The Bible is an ancient book, written in a language other than English, describing social and cultural situations incongruent with modern sensibilities. To help readers bridge these gaps, this work examines the translation and interpretation of a set of biblical texts from the perspectives of cultural anthropology and the social sciences. The introduction deals with methodological issues, enabling readers to recognize the differences in translation when words, sentences, and ideas are part of ancient social and cultural systems that shape meaning. The following essays demonstrate how Bible translations can be culturally sensitive, take into account the challenge of social distance, and avoid the dangers of ethnocentric and theological myopia. As a whole, this work shows the importance of making use of the insights of cultural anthropology in an age of ever-increasing manipulation of the biblical text.

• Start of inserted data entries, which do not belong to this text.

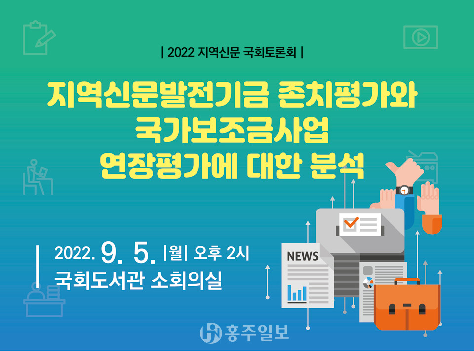 ‘지역신문발전지원특별법’에 따른 ‘지역신문발전기금 존치평가와 국가보조금사업 연장평가’를 주제로 국회토론회가 개최된다. 토론회는 기금존치평가와 국고보조사업 연장평가에 대해 분석하고 지역신문지원제도의 위기와 대응 방향을 모색하기 위해 마련됐다.
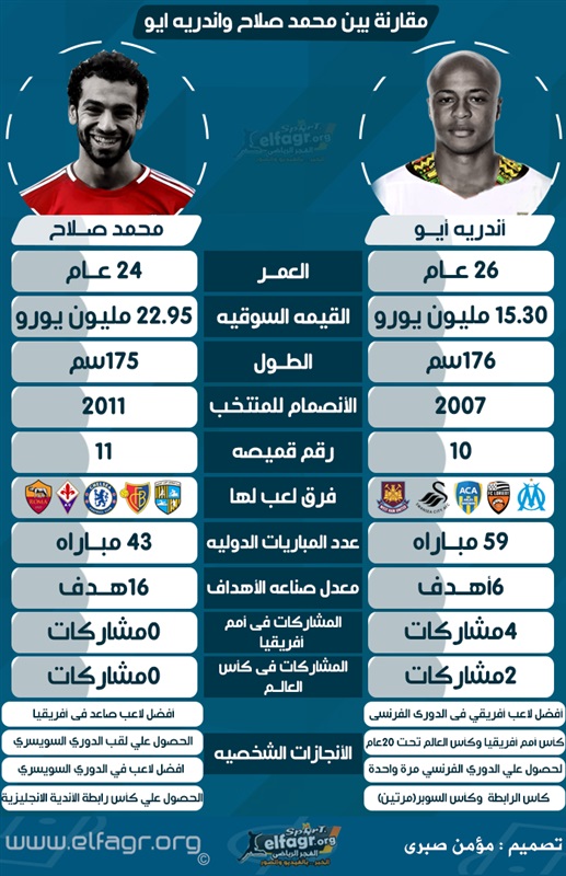 11 معلومة عن محمد صلاح وأندريه أيو قبل موقعة مصر وغانا (انفوجراف)
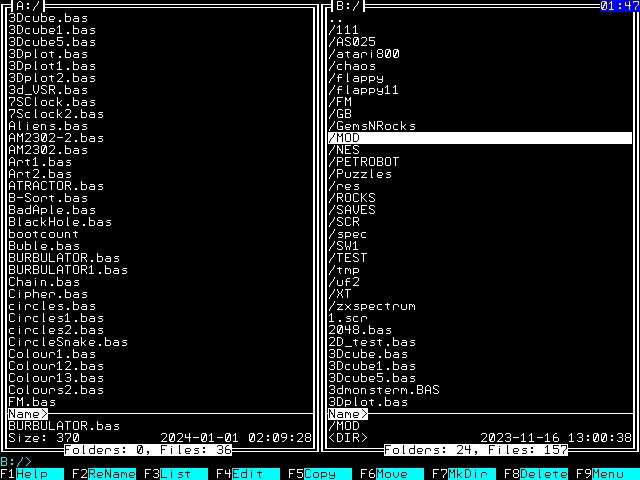 Updated FM to version 1.23 FM123.zip + works from USB keyboard + Sort Order - [BackSpace] switch key (???) + and other code optimizations Perhaps someone can suggest a more convenient button for switching the sorting order? Thanks to @twofingers for the method of sorting files, I honestly spied on you Although this sorting noticeably slowed down the update of the disk panel with a large number of files. Other tips for improving the program interface are also accepted. |
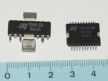 ICs im Kunststoffgehäuse. Die großflächigen Metallfahnen (beim rechten Baustein in den Kerben) dienen der Wärmeabfuhr, sie können auf eine große Massefläche gelötet oder mit einem Kühlkörper versehen werden. -
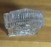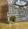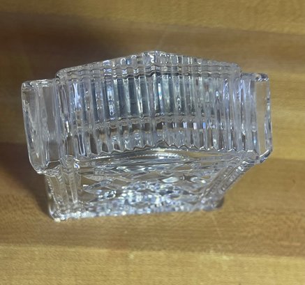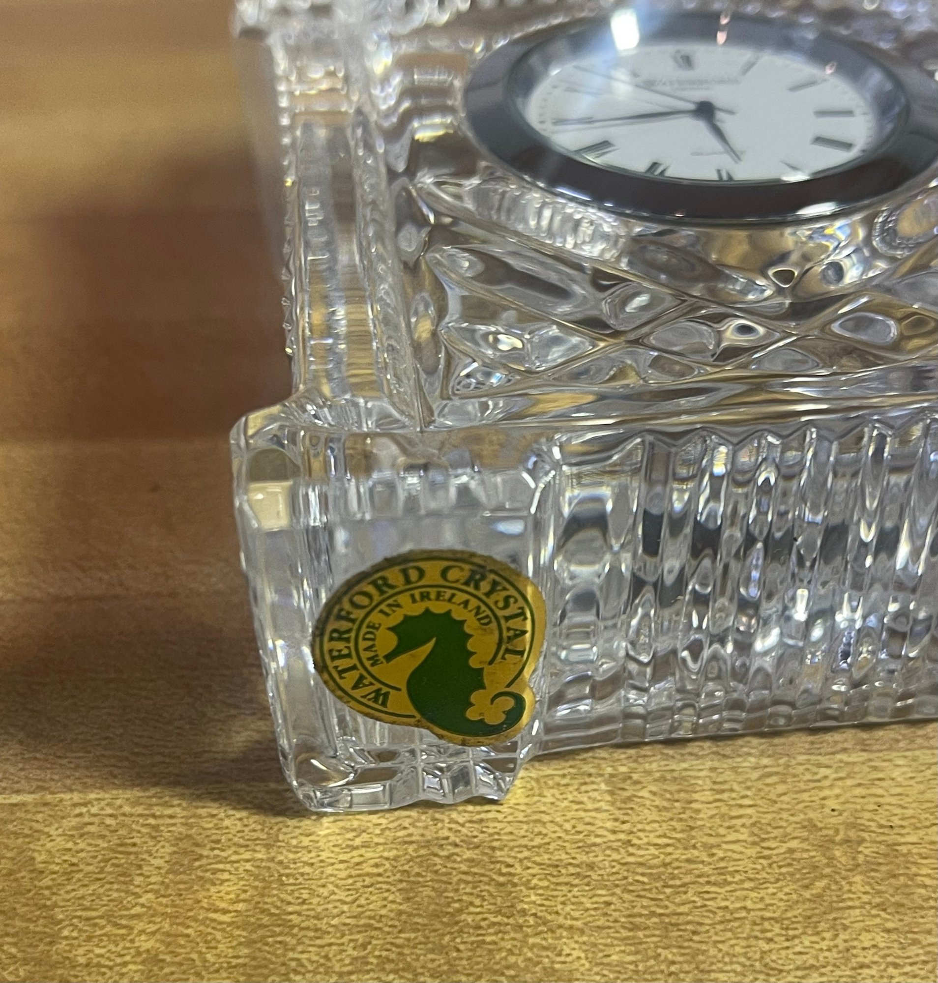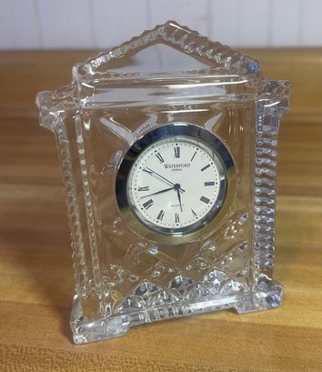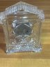 vintage Waterford Crystal quartz desk clock, specifically recognized as the Grecian or Acropolis model, featuring hand-cut leaded crystal and Roman numerals
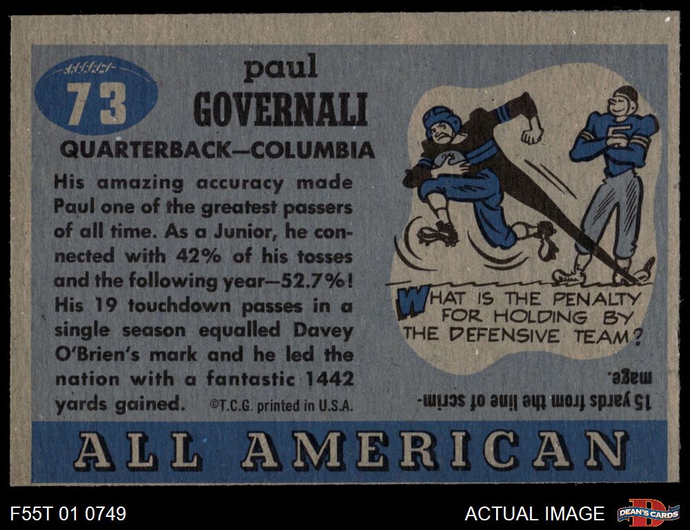 1955 Topps All-American Football Cards (509 available)Paul Governali (17 available)
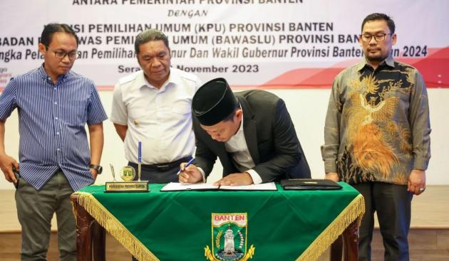 Penyerahan dilaksanakan usai Penandatangan Naskah Perjanjian Hibah Daerah (NPHD) antara Pemerintah Provinsi Banten dengan KPU dan Bawaslu Provinsi Banten, dalam rangka Pelaksanaan Pemilihan Gubernur dan Wakil Gubernur Provinsi Banten Tahun 2024 di aula Dinas PUPR Provinsi Banten, KP3B, Kota Serang, Rabu 8 November 2023.
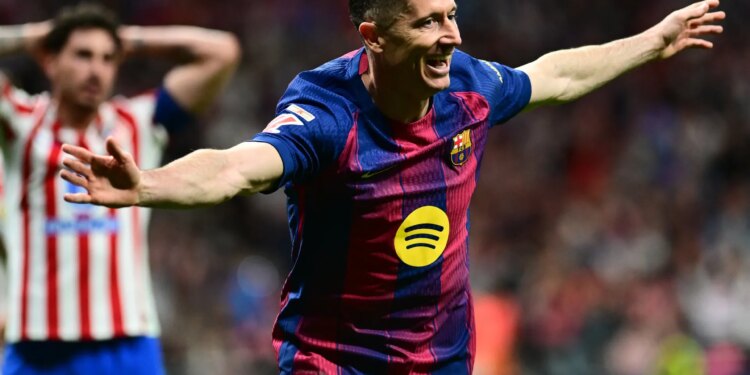 Robert Lewandowski shouldered home a dramatic late winner for Barcelona as they edged Atletico Madrid 2-1 to move seven points clear at the top of La Liga after Real Madrid slipped up.
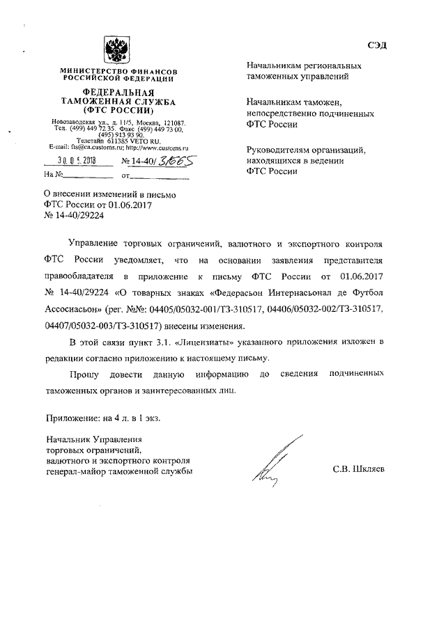 "О ВНЕСЕНИИ ИЗМЕНЕНИЙ В ПИСЬМО ФТС РОССИИ ОТ 01.06.2017 N 14-40/29224"
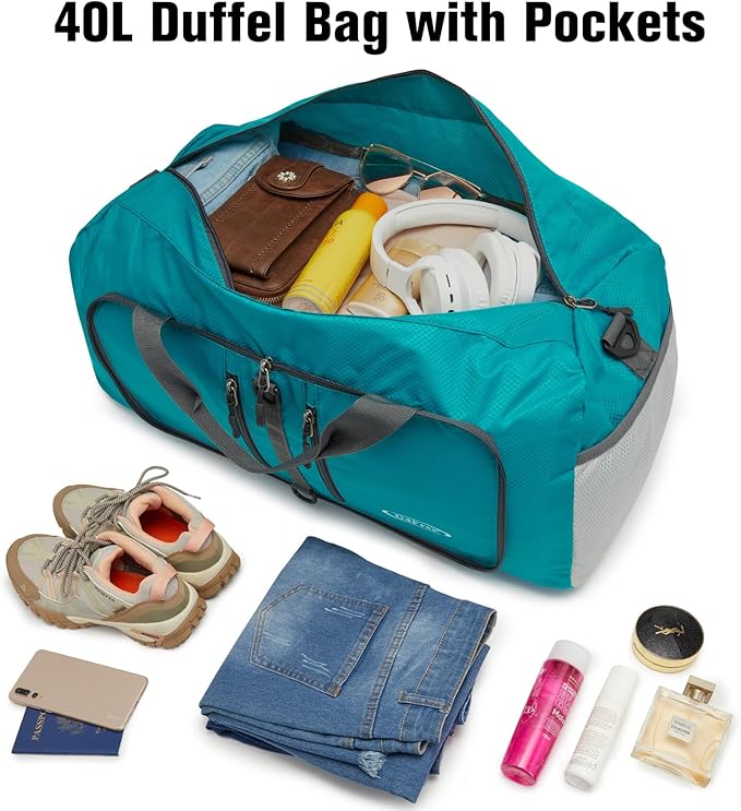 - Large Capacity for Easy Store - 40L Travel duffel bag folds up super small size, while extends to 21.6 x 8.6 x 12 inches and use as a luggage bag in case that your suitcase swells. Just take it for your airline trips as it obeys airline personal item size. Perfect for easy storing in any size yoga locker.
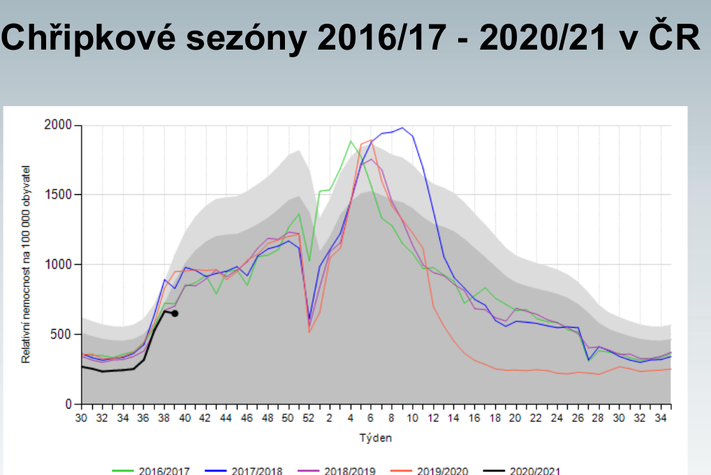 Když se ovšem vrátíme k poslední epidemii chřipky, i ta byla netypická. Trvala od čtvrtého do desátého týdne, kdy lékaře kvůli chřipkovým příznakům vyhledalo 1,15 milionu lidí, tedy 10,8 procenta populace (meziročně jde o standardní počty, které se pohybují mezi 800 až 1250 tisíci nemocných u lékaře). Intenzivní péči vyžadovalo 300 pacientů, u nichž byla chřipka laboratorně potvrzena, 61 lidí s chřipkou zemřelo (38 procent těchto případů a 23 procent zemřelých bylo mladších 65 let). Toto číslo je ovšem v horizontu pěti let zpátky nejnižší – epidemie totiž s příchodem března rázem ustala, a to nejen u nás, ale v celé Evropě.
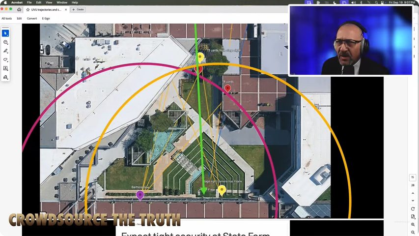 However, after the 16:00 mark, they begin a discussion about the acoustic analysis and the distance to the shooter from various cameras which were running at the time of the shooting, and they identify a drone which was in that position at the time of the Assassination. — In the image below, the intersection of the circles and lines where the shooter or drone was. It was not Tyler Robinson on the roof of the Losee Center. — Then they discuss whether there are two shooters, how electronic warfare was used to end live-streamers of the event one minute before the shooting, and a discussion of the planes which were in the air at the time.
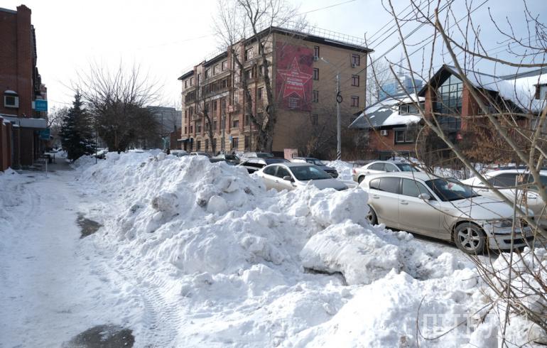 На обочинах дорог даже в центре города лежат снежные валы. Чтобы пройти по «зебре» или сесть в общественный транспорт, горожанам приходится перешагивать через сугробы.
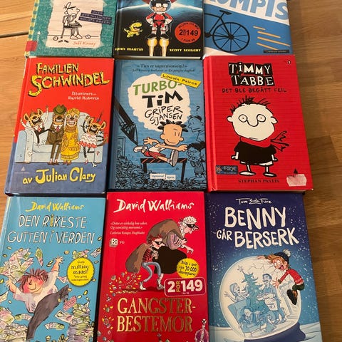 Alle tre bøker er på norsk og egner seg som lesestoff for barn i skolealder som liker humor og illustrerte fortellinger.
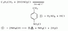 2. 將對(duì)磺酰氯與純氨依次加入冰水中,控制對(duì)磺酰氯與純氨的質(zhì)量配比為1∶ 0.2,攪拌下進(jìn)行反應(yīng),冷卻并控制溫度為70℃。
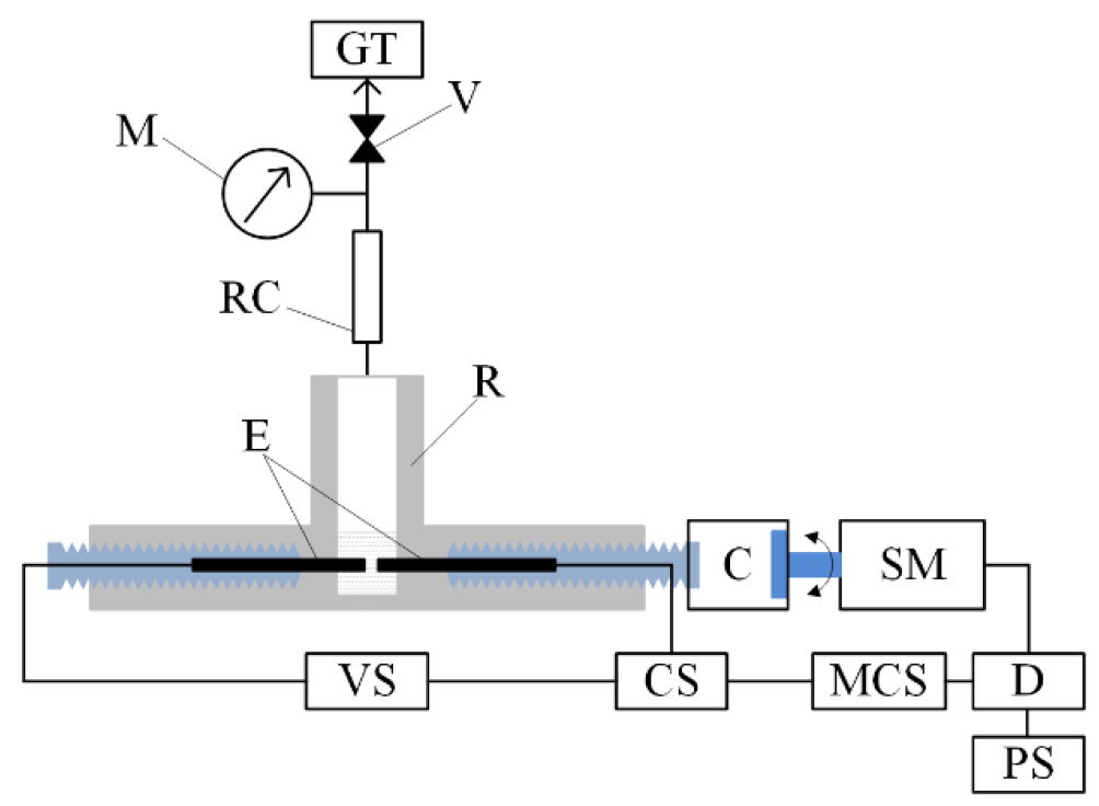 Рис. 1. Схема экспериментальной установки: R — реактор; RC— обратный холодильник; E — электроды; M — манометр; V — клапан; GT — газовая ловушка; C — муфта; SM — шаговый двигатель; D — драйвер шагового двигателя; PS — блок питания шагового двигателя; CS — датчик тока; MCS — микропроцессорная система управления; VS — источник напряжения.

The contributors are Alicia Batten, Zeba A. Crook, Richard E. DeMaris, John H. Elliott, Rob Kugler, Carolyn Leeb, Dietmar Neufeld, John J. Pilch, Richard L. Rohrbaugh, and John Sandys-Wunsch.

Dietmar Neufeld, Ph.D. (1991) in Christian Origins, McGill University, is Associate Professor of Church History and Origins of Christianity at the University of British Columbia. He is the author of Reconceiving Texts as Speech Acts: An Analysis of I John (Brill).